Functions providing models of UnicodeRange as output should have it as a
postcondition on its output.

> , but maybe
>> that should be something orthogonal. I personally don't think it's
>> really useful for general-purpose text though.
>
> I should hope there is a way to operate on valid Unicode ranges that
> happen not to be in normalization form C.

A way to operate on such data would be normalizing it beforehand. No
information is supposed to be lost by normalizing to form C.
Substring search for example requires the two strings being compared to
be normalized, or at least relevant parts, so that canonically
equivalent things can compare as being equal.
We can choose to do that behind the user's back or rather to make it so
that we don't need to; the latter allows to keep things simple.

Of course, being normalization-form-agnostic and making it a separate
concept, allowing to select the best algorithm possible (I may not have
the time to write all versions however), is more powerful because it
doesn't do any concession.
I just want to know whether it's really worth it to complicate this.

>
> The library provides the following core types in the boost namespace:
>
> uchar8_t
> uchar16_t
> uchar32_t
>
> In C++0x, these are called char, char16_t and char32_t. I think uchar8_t
> is unnecessary, and for a Boost Unicode library, boost::char16 and
> boost::char32 would work just fine. On a C++0x compiler, they should be
> typedefs for char16_t and char32_t.

The character types not being unsigned could be lead to issues during
promotions or conversions.

I also personally think "char" is better to mean "locale-specific
character" than "utf-8 character", so I thought a distinct name for the
type was more appropriate.

Anyway, embracing the standard way is what should be done, I agree. I'll
just have to make sure I'm careful of conversions.

Does Boost has macros to detect these yet?

> And UnicodeGrapheme concept doesn't make sense to me. You say, "A model
> of UnicodeGrapheme is a range of Unicode code points that is a single
> grapheme cluster in Normalized Form C." A grapheme cluster != Unicode
> code point. It may be many code points representing a base character an
> many zero-width combining characters. So what exactly is being traversed
> by a UnicodeGrapheme range?

An UnicodeGrapheme is one grapheme cluster, i.e. a range of code points.

Basically, to iterate over grapheme clusters, a range of code points
would be adapted into a range of ranges of code points.
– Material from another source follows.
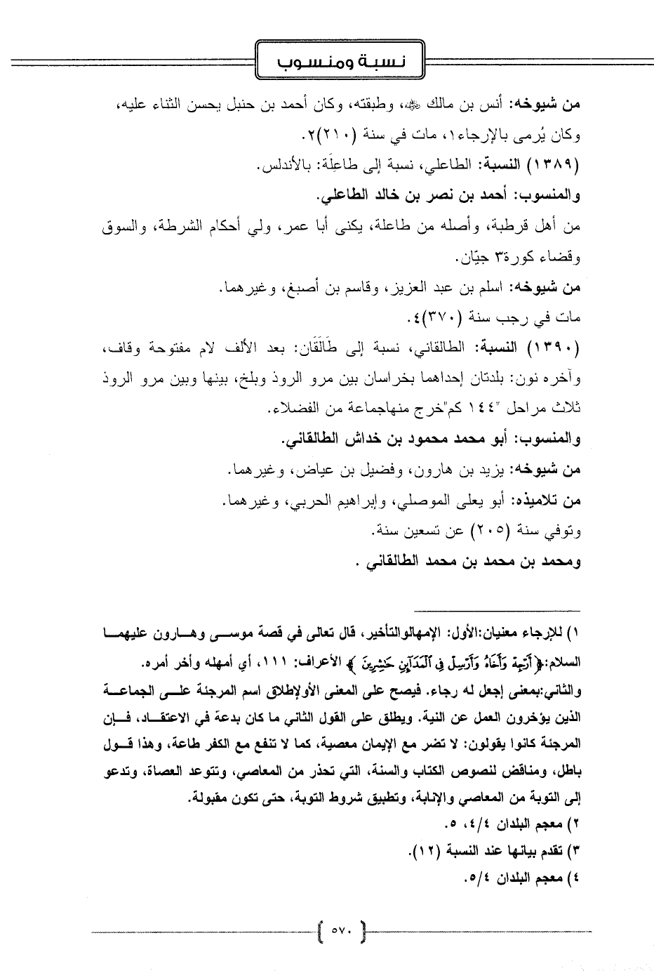 (1390) النسبة: الطالقاني، نسبة إلى طَالَقَان: بعد الألف لام مفتوحة وقاف، وآخره نون: بلدتان إحداهما بخراسان بين مرو الروذ وبلخ، بينها وبين مرو الروذ ثلاث مراحل "144 كم" خرج منها جماعة من الفضلاء.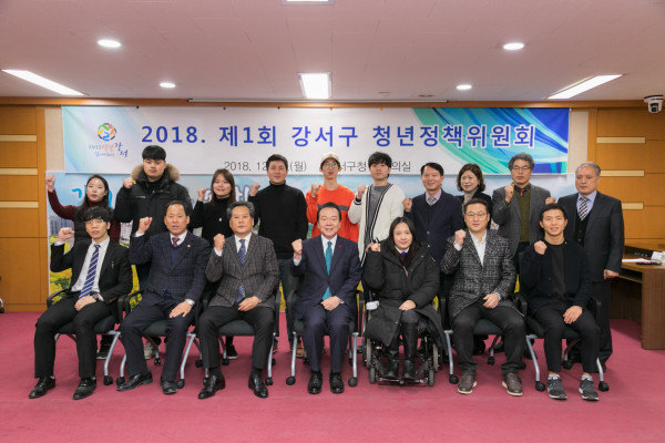 강서구는 10일 구청 본관 3층 대회의실에서 청년들의 사회참여를 확대하고 다양한 의견을 구정에 반영하기 위해 구성된 ‘청년정책위원회’의 위촉식을 진행했다. 사진은 노현송 구청장(앞줄 가운데)과 위원들이 기념촬영을 하는 모습. (사진제공=강서구청)

> The concepts are of critical importance, and these don't seem right to
> me. My C++0x concept-foo is weak, and I'd like to involve many more
> people in this discussion.

In C++0x concept-foo, I would say associated the validity invariant with
a non-auto concept (i.e. the model has to specify it implements the
concept, unlike auto concepts which are implicitly structurally matched
to models), so as to distinguish ranges that aim at maintaining that
invariants from ranges that don't.

> The purpose of the concepts are to allow algorithms to be implemented
> generically in terms of the operations provided by the concepts. So,
> what algorithms do we need, and how can we express them generically in
> terms of concepts? Without that most critical step, we'll get the
> concepts all wrong.

Concepts are not just about operations, but also about semantics.
A single pass range and a forward range provide the same operations, but
they've got different semantics.
A single pass range can be traversed once, a forward range, which
refines it, can be traversed any number of times.

Refining the range concepts to create a new concept meaning a range that
satisfies a given predicate doesn't seem that different in spirit.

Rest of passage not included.